お墓の歴史②:シャニダール洞窟とネアンデルタール人

わたしが子供の頃、ゾウの墓場というのを信じていたように覚えています。

年老いたゾウがどこからともなく集まってきて、死んでいく場所で、そこには大量のゾウの骨や牙が集まっている……そんなイメージですね。

たしか絵本か何かで見たような気がするんですよね。

さすがに現物はありませんが。

文学の世界でも、楡周平さんや花村萬月さんの小説のタイトルになっていて、どことなく想像力をかき立てるのだと思われます。

 

そんなゾウの墓ですが、少し調べましたところ、どうやら実際には存在しないようです。

ゾウというのは長寿の生き物で、そんな続々と死ぬものでもないらしく、また死んでしまえばすぐ死骸処理を担当する生き物の餌になってしまうようで、結果としてゾウの死骸というものが人間によってはほとんど目撃されないことから、ゾウの墓場といった伝説が生じてきた、というのが妥当な推論のようです。

 

ところでゾウの墓場、という発想が面白いのは、もしそんなものがあるなら、ゾウには死の観念が成立している、という点にあるでしょう。

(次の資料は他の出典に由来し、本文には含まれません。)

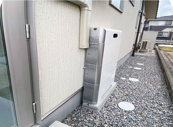 こちら滋賀県のF様宅での蓄電池工事となります。 太陽光パネル、蓄電池を新しく導入して頂きました。 発電効果の高い日中、発電量の見込めない夜間など、さまざまな状況に合わせて適切な 電力管理を行うシステムが導入されています。 是非、一度ご相談ください。 ※ 写真は許可を得て掲載しておりますが、プライベート保護の為、施工中のものを優先して掲載しています。
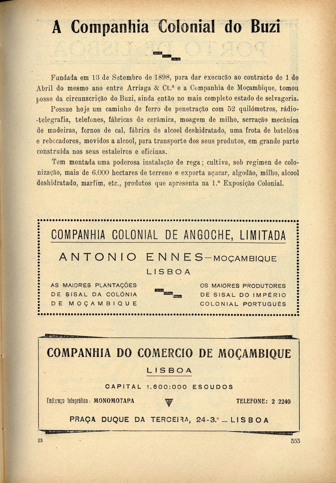 O Império Português na primeira Exposição Colonial Portuguesa : álbum-catálogo oficial Sumário capa verso publicidade publicidade publicidade publicidade anterrosto verso rosto verso General António Óscar de Fragoso Carmona, Presidente da República [ilustração] Doutor António de Oliveira Salazar, Presidente do Conselho de Ministros e Ministro das Finanças Doutor Armindo Monteiro, Ministro das Colónias Doutor Francisco Vieira Machado, Sub-secretário do Estado das Colónias Tenente Henrique Galvão, Director técnico da Exposição Colonial Portuguesa O passado A obra colonizadora dos últimos anos O Porto d'ontem, d'hoje e d'amanhã I. O Porto d'ontem publicidade Regiões de Turismo: três belas excursões I. Porto - Mindelo - Azurara - Vila do Conde - Póvoa do Varzim - Fão - Esposende - Viana do Castelo - Ponte de Lima - Braga Chaves: a princesa do Tâmega, por Júlio Xavier Júnior II. Porto - Francelos - Miramar - Aguda - Granja - Espinho - Ovar - Vila da Feira - Aveiro publicidade III. Porto - S. João da Madeira - Oliveira de Azemeis - Curia - Luso - Buçaco - Coimbra Umas palavras sobre alguns aspectos de organização administrativa colonial, por [João de Azevedo Coutinho] Cabo Verde: o arquipélago da melancolia vive o esforço duma importante realização económica, por Machado Saldanha Angola, por Artur d'Almeida d'Eça Moçambique, por António Barradas publicidade Roteiro: resumo elucidativo do visitante da Primeira Exposição Colonial Portuguesa Expositores verso contracapa | Sumário > Moçambique, por António Barradas > A Companhia Colonial do Buzi > 0353 |
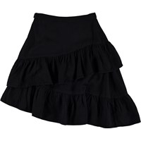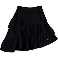 Benedicte is een lange zwarte asymmetrische rok in verschillende lagen. Het heeft een ritssluiting aan de zijkant.
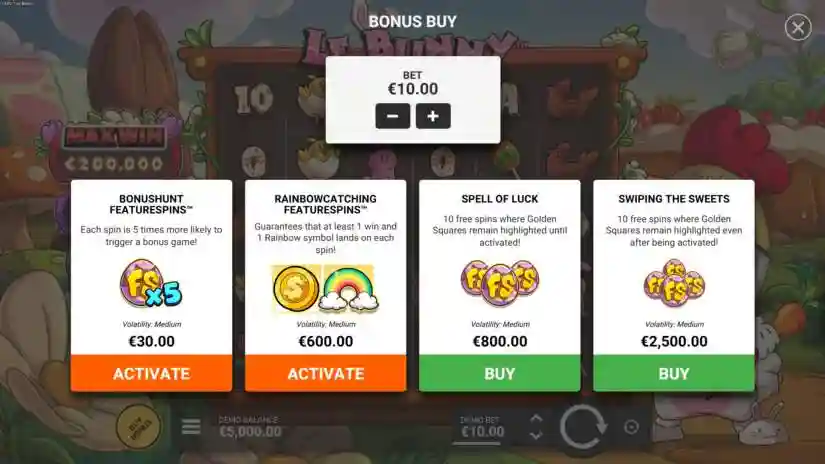 If the player purchases BONUSHUNT FEATURESPINS™, the theoretical return to player (RTP) is 96.13%. For full details on this feature, see the section above. Each spin triggers the bonus game 5 times more often! Volatility: Medium.
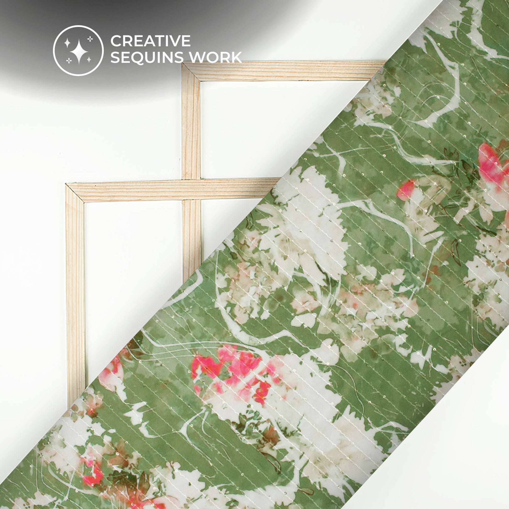 Beautiful Floral Digital Print Superior Sequins Velvet Fabric (Width 58 Inches)
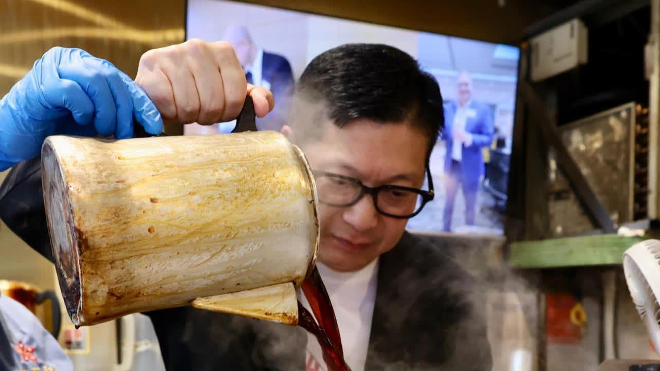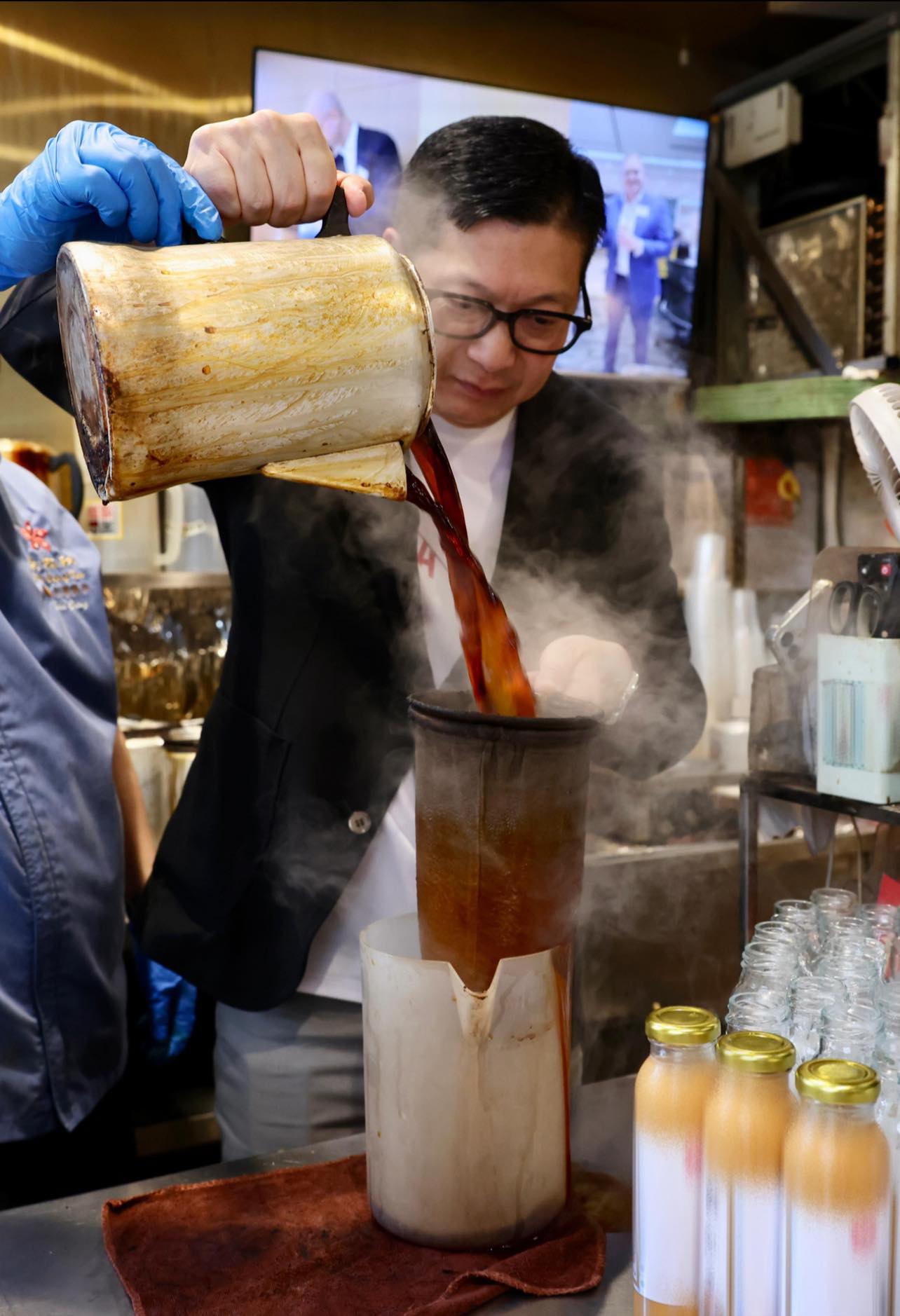 大公文匯全媒體報道,政府大力推動「無處不旅遊」,保安局局長鄧炳強今日(21日)在社交平台發文推薦「灣仔的美味」,更落力上手一展「拉茶真功夫」。
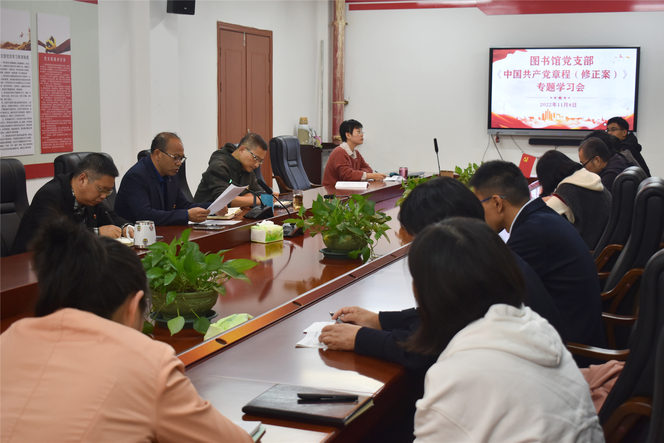 11月8日下午,为深入学习宣传贯彻落实党的二十大精神,图书馆党支部在党员之家召开党的二十大《中国共产党章程(修正案)》专题学习会,全体党员参加了会议。
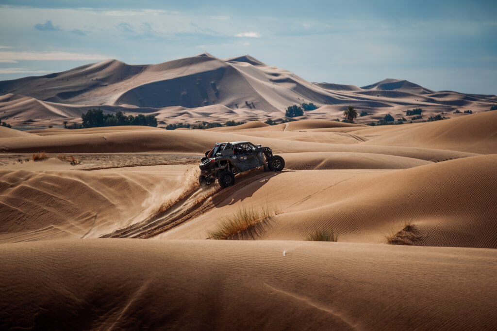 De derde rallydag begon met de eerste echte duinen van deze editie. Een terrein dat risico’s vergt, zeker voor het team dat moet openen. Erik van Loon blikt kritisch terug: “Tijdens het openen in de duinen heb ik teveel laten liggen. We hebben behoudend gereden, wat logisch is als je voorop rijdt. We werden onderweg ingehaald door een andere deelnemer die later crashte. We hebben hen geholpen tot de assistentie arriveerde. Gelukkig gaat het goed met ze, maar het bevestigt wel dat iets rustiger rijden vaak de beste keuze is.”
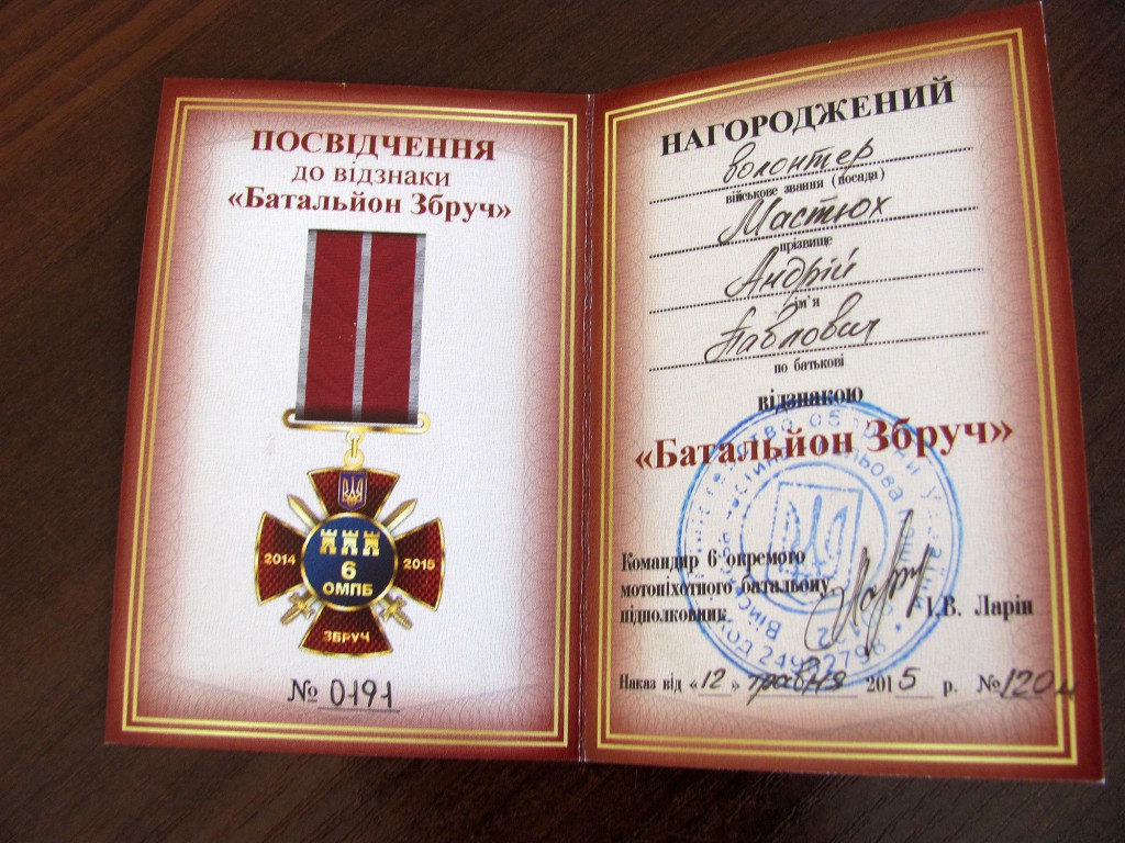 З рук командира батальйону Ігоря Ларіна відзнаку отримав депутат Тернопільської міської ради, директор КП «Тернопільелектротранс» Андрій Павлович Мастюх.
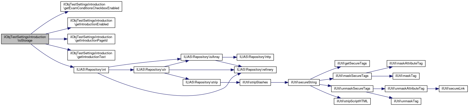 Here is the call graph for this function:| ilObjTestSettingsIntroduction::toStorage | ( | ) |

おそらくそんなことはないはずですが、万が一ゾウの墓場なんてものがあり、生き残ったゾウがそこに草だとか花なんかを持ってきたりするようなことがあれば、これはもう立派な葬送意識だ、というわけです。

 

いくらなんでも想像が飛躍してしまいました。。

多分ですが、ゾウには死の認識はなく、死んだ仲間を弔うこともありません。

そしてこの点に、人間とその他の動物とを分かつ非常に大きな境界がある、という点に異論のある方は少ないのではないでしょうか。

人間とは弔う動物である、というわけですね。

厳密な人間の定義なんていうと難しいことになるでしょうが、死という現象を対象化して、死者に思いを馳せることができる唯一の動物は、人間だけでしょう。

とすると、人間が死を意識し、死者を悼むようになったその時点が、「お墓の歴史」の始点である、と言ってもいいはずです。

 

で、その時点を正確に突き止める、なんてことはどうしたって不可能でしょうが、考古学から重大な示唆が与えられています。

 

 

写真はイラク北部のシャニダール洞窟というところです。

ここで3万5000年~6万年前のネアンデルタール人の人骨が発見されています。

その何が重要かといいますと、ここで発見された一体の人骨の周囲から、少なからぬ花粉が発見されており、これが葬儀によるものではないかという説があるからなのです。

 

ネアンデルタール人の頃から人類は葬送儀礼を行なっていたんですよ、と言えるのはわれわれの業界にとってもキャッチーなことなので、石屋あるいは葬儀屋の中にはこの話を知っている人も多いと思います。

 

ただこれ、いくつか問題もありまして、まずネアンデルタール人はわれわれ現生人類の直系の先祖ではなく、別系統の人類だったとされているそうです。

そして花粉にしても、葬儀によるものという確たる証拠があるわけではなく、動物活動によって持ち込まれたものではないかという説もあるらしく、議論が続いているようです。

とはいえ、さらに別の人骨には怪我の治療の痕なんかも確認されるそうですから、現在のわれわれが「人間性」と呼ぶものをネアンデルタール人が発達させていた可能性は十分にあるのではないかと思います。

 

お墓の歴史、に組み込むにはあまりにも曖昧ですが、可能性として考えてみた場合、こういったことがお墓の原初的な形態であった、というのはありえそうです。

というわけで今回はシャニダール洞窟を取り上げてみました。

中東はまだ政情不安定でしょうし、しかもシャニダール洞窟があるのは少数民族問題を抱えるクルディスタン地域ですから、安全な研究など今は覚束ないことと想像されますが、いつか謎が解決されるといいなと思います。